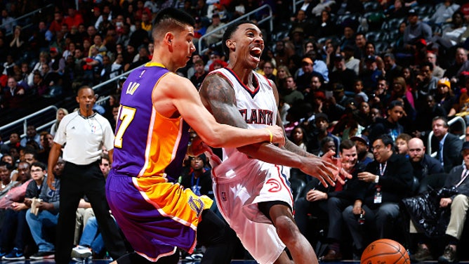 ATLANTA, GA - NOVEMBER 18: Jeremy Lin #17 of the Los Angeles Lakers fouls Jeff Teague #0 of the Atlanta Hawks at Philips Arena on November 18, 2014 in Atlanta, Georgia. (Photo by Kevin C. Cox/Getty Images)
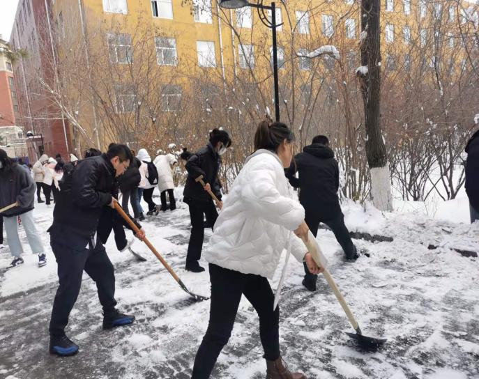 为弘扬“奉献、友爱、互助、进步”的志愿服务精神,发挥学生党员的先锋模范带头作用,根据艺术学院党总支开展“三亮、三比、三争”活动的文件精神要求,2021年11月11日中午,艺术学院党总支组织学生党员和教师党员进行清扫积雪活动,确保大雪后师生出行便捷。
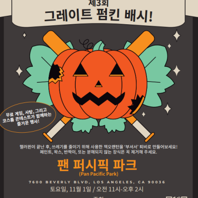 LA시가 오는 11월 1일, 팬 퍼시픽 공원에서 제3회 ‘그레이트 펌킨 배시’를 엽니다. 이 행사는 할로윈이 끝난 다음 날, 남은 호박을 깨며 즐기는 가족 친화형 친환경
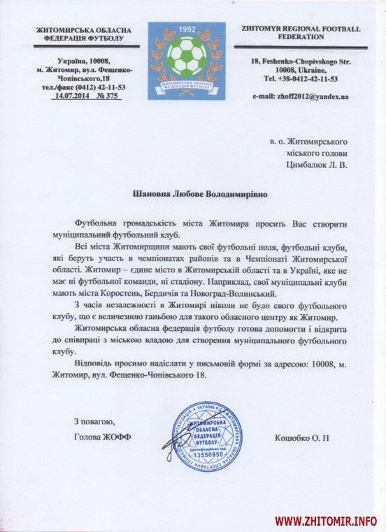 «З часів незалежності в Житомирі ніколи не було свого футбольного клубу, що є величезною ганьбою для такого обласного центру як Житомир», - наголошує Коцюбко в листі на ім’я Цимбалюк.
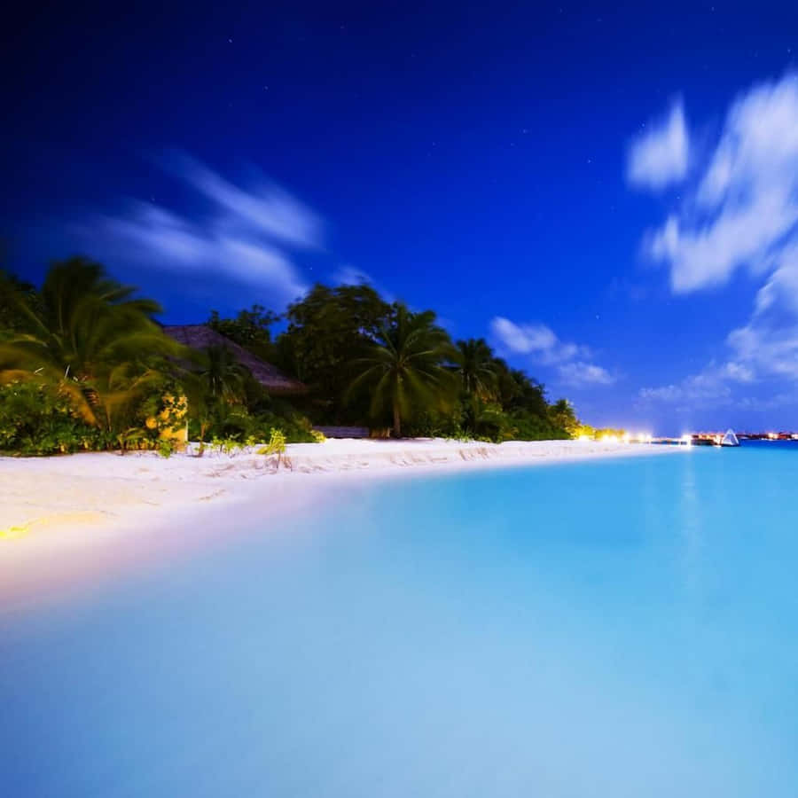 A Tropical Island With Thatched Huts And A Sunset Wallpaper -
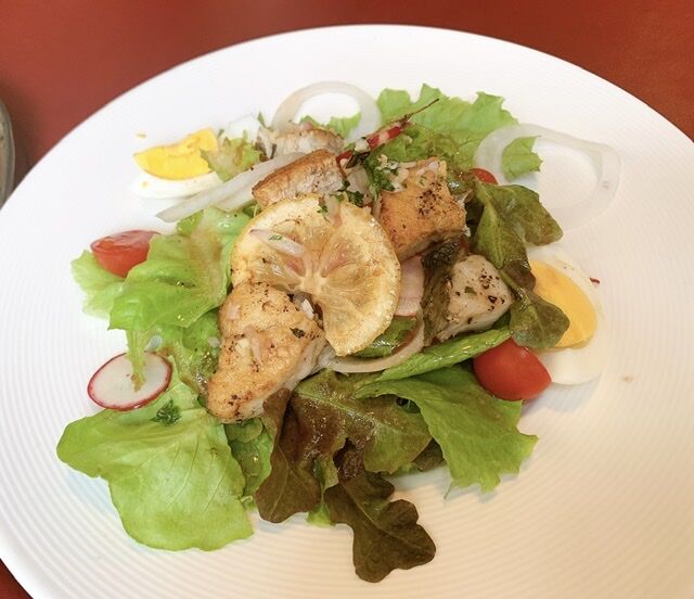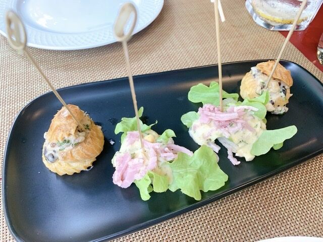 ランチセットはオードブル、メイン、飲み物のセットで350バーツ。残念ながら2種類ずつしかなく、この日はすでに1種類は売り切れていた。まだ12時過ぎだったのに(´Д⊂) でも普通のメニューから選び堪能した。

════════════════

EXERCISE REQUIREMENTS :: The range runs from the line containing "A Tropical Island" through the end of the entries; print those lines exactly and leave the pictures out.

RESULT ::
 A Tropical Island With Thatched Huts And A Sunset Wallpaper -
 ランチセットはオードブル、メイン、飲み物のセットで350バーツ。残念ながら2種類ずつしかなく、この日はすでに1種類は売り切れていた。まだ12時過ぎだったのに(´Д⊂) でも普通のメニューから選び堪能した。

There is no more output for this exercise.